I've never known a residential provider to charge for used throuhgput, because people have a hard time understanding it. People would flip out if their bill was $20 one month, and $300 the next. Rather, residential providers do a bit of math. They look at their bill, the aggregate bandwidth used, and the total Mb/s available to customers. Of course, they tag on a nice profit. There are additional considerations, like what do they need to provide extra services like IPTV, how much does it cost to maintain existing circuits, add new circuits, keep employees paid, travel costs for technicians, etc, etc, etc...

So, you get a nice low flat rate, because consumers don't use 100% of their bandwidth 100% of the time. Basically, they oversubscribe. If they do it right, you never know. If they do it wrong, you have shitty service and everyone complains.

At the datacenter we have equipment, we pay for the rack, power, and on the 95th percentile utilization of that circuit. So if we idle everything for a month, we barely pay anything. If we dump all the load to that datacenter,

If you're running a business where you need to be in a datacenter, your business model better cover all your costs. Otherwise, you'll be out of business quick.

No one gets a free ride. You pay for your end-user line. I pay for the line my server is one. Everyone's paid, and everything works.

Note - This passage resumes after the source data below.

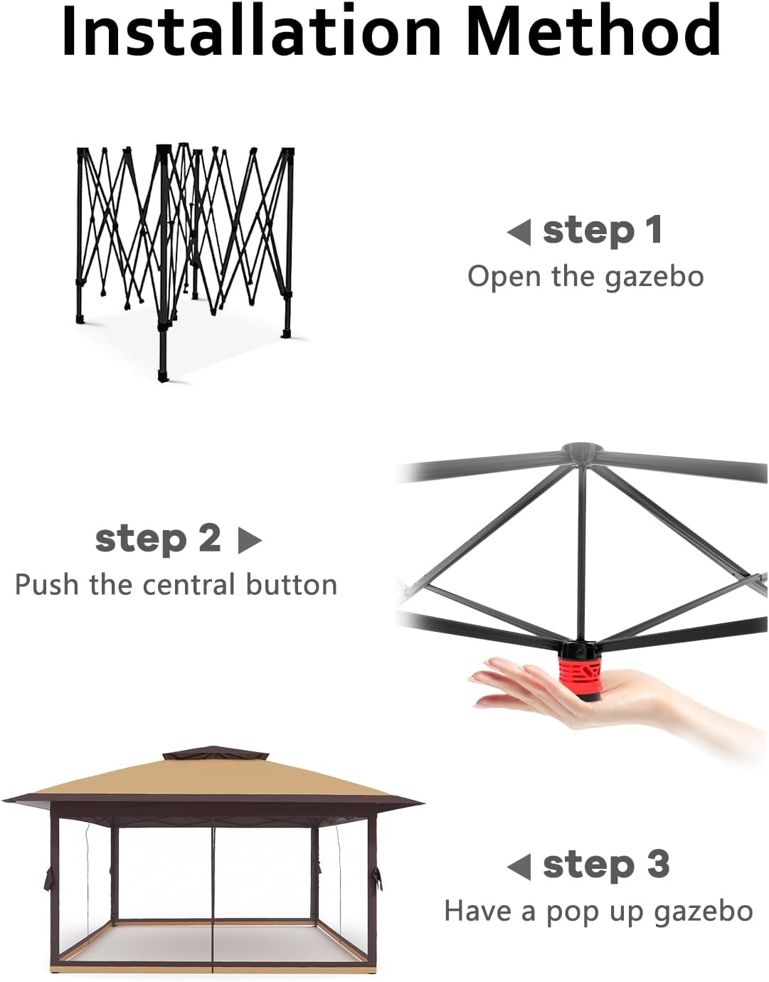 - 【Easy Set Up Gazebo】- This pop up gazebo features the patented【One Step Center Lock】technology, allowing effortless setup without tools. Simply push the button, and the outdoor gazebo assembles in minutes. Whether camping, having a picnic, or relaxing in your backyard / Patio, this gazebo ensures instant enjoyment.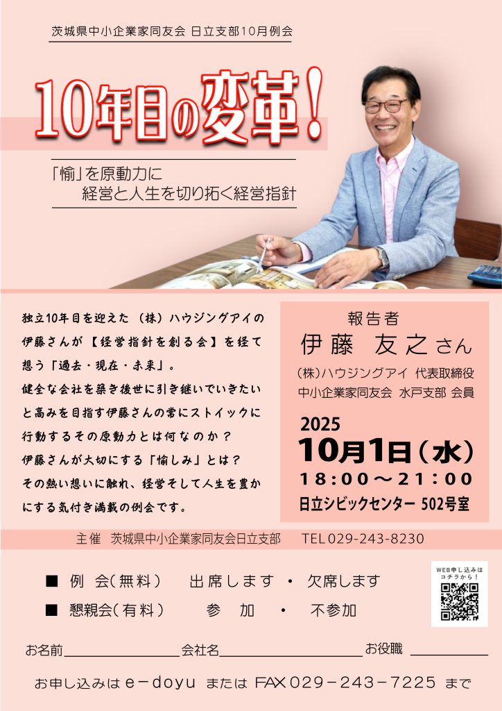 独立10年目を迎えた(株)ハウジングアイの伊藤さんが【経営指針を創る会】を経て想う「過去・現在・未来」。健全な会社を築き攻勢に引き継いでいきたいと高みを目指す伊藤さんの常にストイックに行動するその原動力とは何なのか?伊藤さんが大切にする「愉しみ」とは?その熱い想いに触れ、経営そして人生を豊かにする気付き満載の例会です。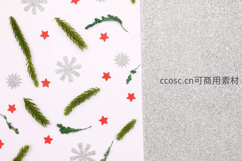 画面左侧布满绿色松枝、红色星星和银色雪花,右侧则是一片闪耀的银色闪光背景,形成鲜明对比,富有现代感和设计感。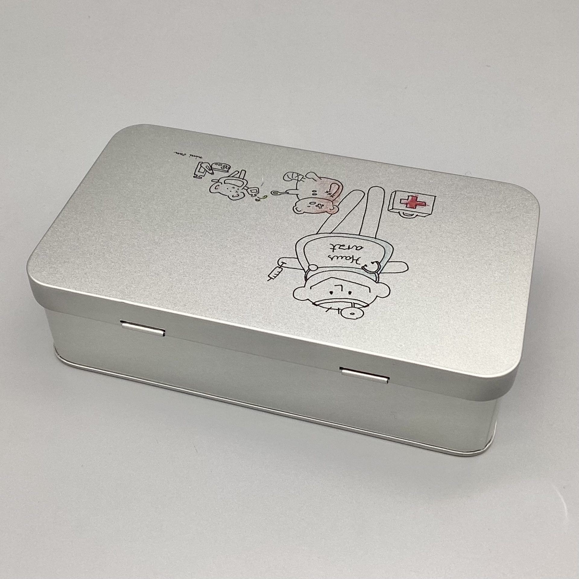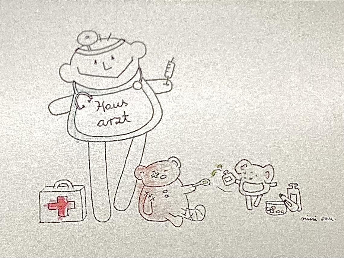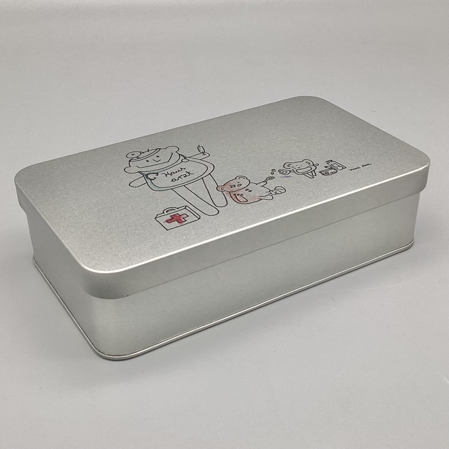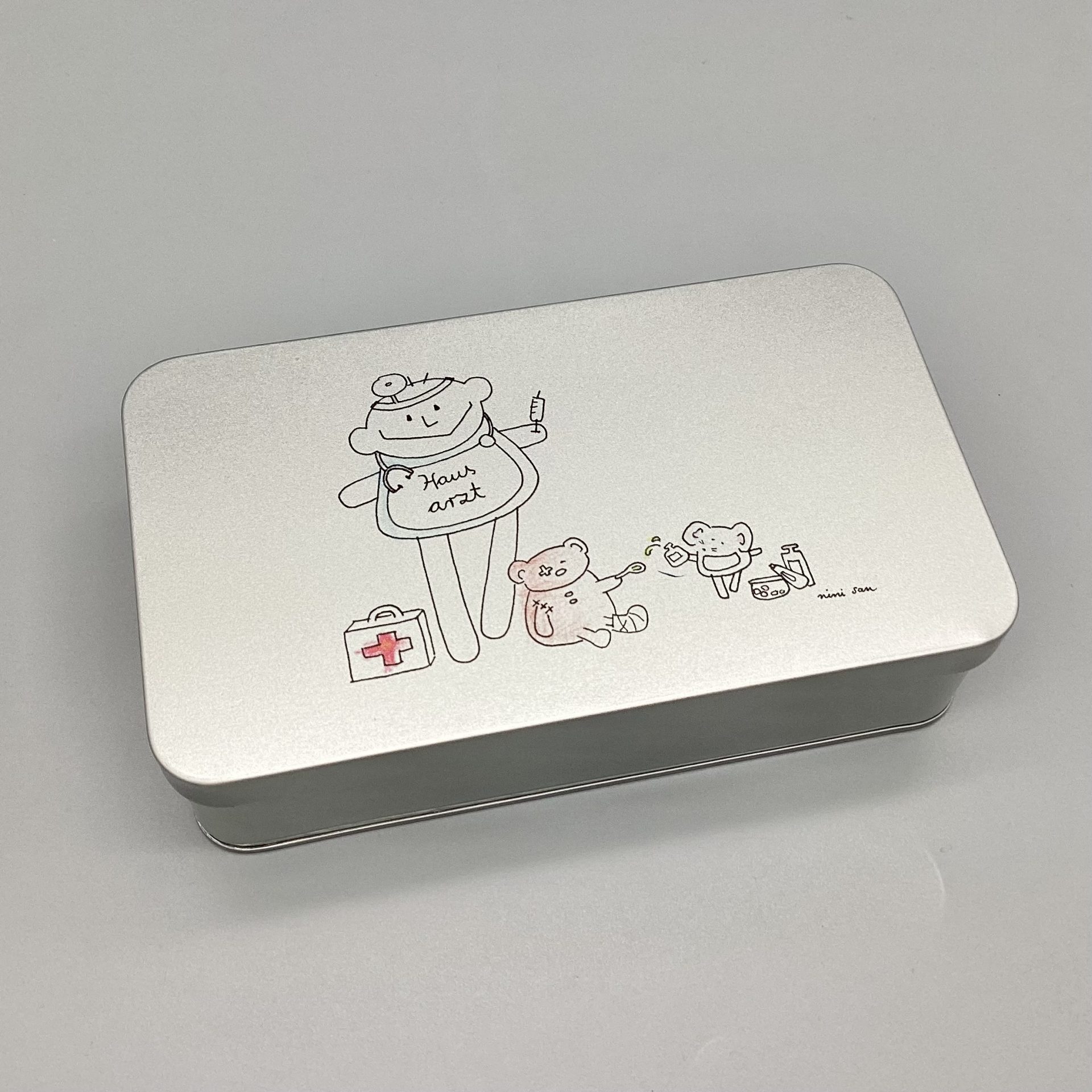 Metalldose mit nini san Illustration in grau-schwarz: männliche nini san Figur als Hausarzt mit Arztkoffer, Stethoskop und Spritze. Zu seinen Füssen steht ein Arztkoffer und ein brauner Bär sitzt mit Gipsbein und Pflaster am Auge am Boden. Eine Maus mit Medikamenten tröpfelt dem Bär eine Tinktur auf einen Löffel.
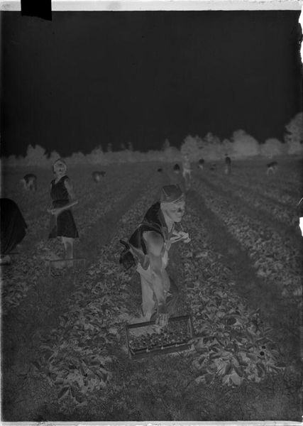 Editor: This silver gelatin print by Martin Schweig depicts eight children and a baby in a stroller. I’m struck by the contrast between the dark background and the light figures. What visual elements stand out to you? Curator: I am drawn to the formal arrangement of the figures. Note how the repetition of striped shirts and the linear connection of their clasped hands create a strong horizontal rhythm. This contrasts with the verticality of the central tree trunk. How does this interplay affect the composition? Editor: It creates a balanced tension. The tree grounds the children, while their linked arms imply movement and potential energy. Curator: Precisely. This tension, achieved through form and structure, is what lends the photograph its visual interest, wouldn’t you agree? Editor: Definitely. Now I see how the relationship between those elements creates such a dynamic composition.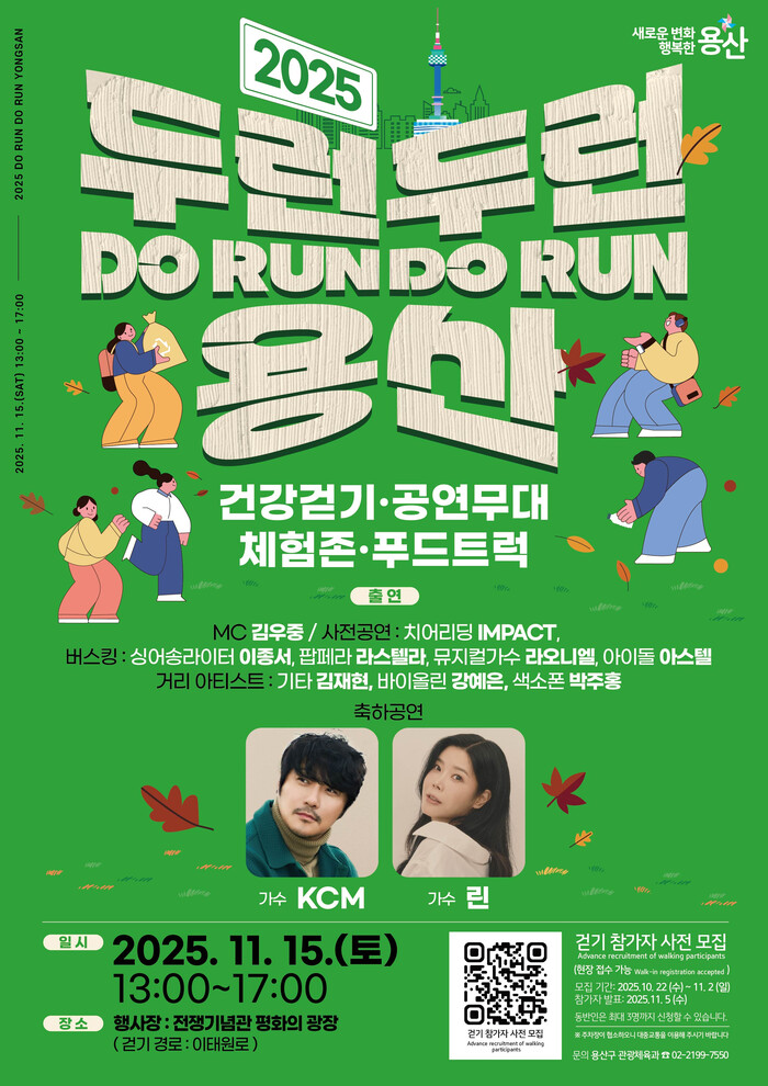 [시민일보 = 문민호 기자] 용산구(구청장 박희영)가 오는 15일 토요일 오후 1시부터 5시까지 전쟁기념관(이태원로 29) 평화광장에서 ‘2025 두런두런 용산’ 행사를 개최한다.

Comment Re: "Not eradicated" isn't needed (Score 1) 185

People really fail to grasp the true nature of evolution. Evolution really doesn't add to the top, it clips from the bottom. So cancer is not an evolutionary problem as long as evolutionary participants can reproduce and bring their off spring to their reproductive stage. As cancer is mainly an affliction of the older post reproduction and upbringing population it has very little evolutionary impact, those that are more likely to suffer are not going to fail evolution and hence retain and equal reproduction opportunity. Similar to the many genetic afflictions that now survive and reproduce like poor eye sight, mental incompetence, psychopathy and even worse. Of course now we are striving to achieve genetic repair and hence cancer or psychopathy et al become a problem that can be solved.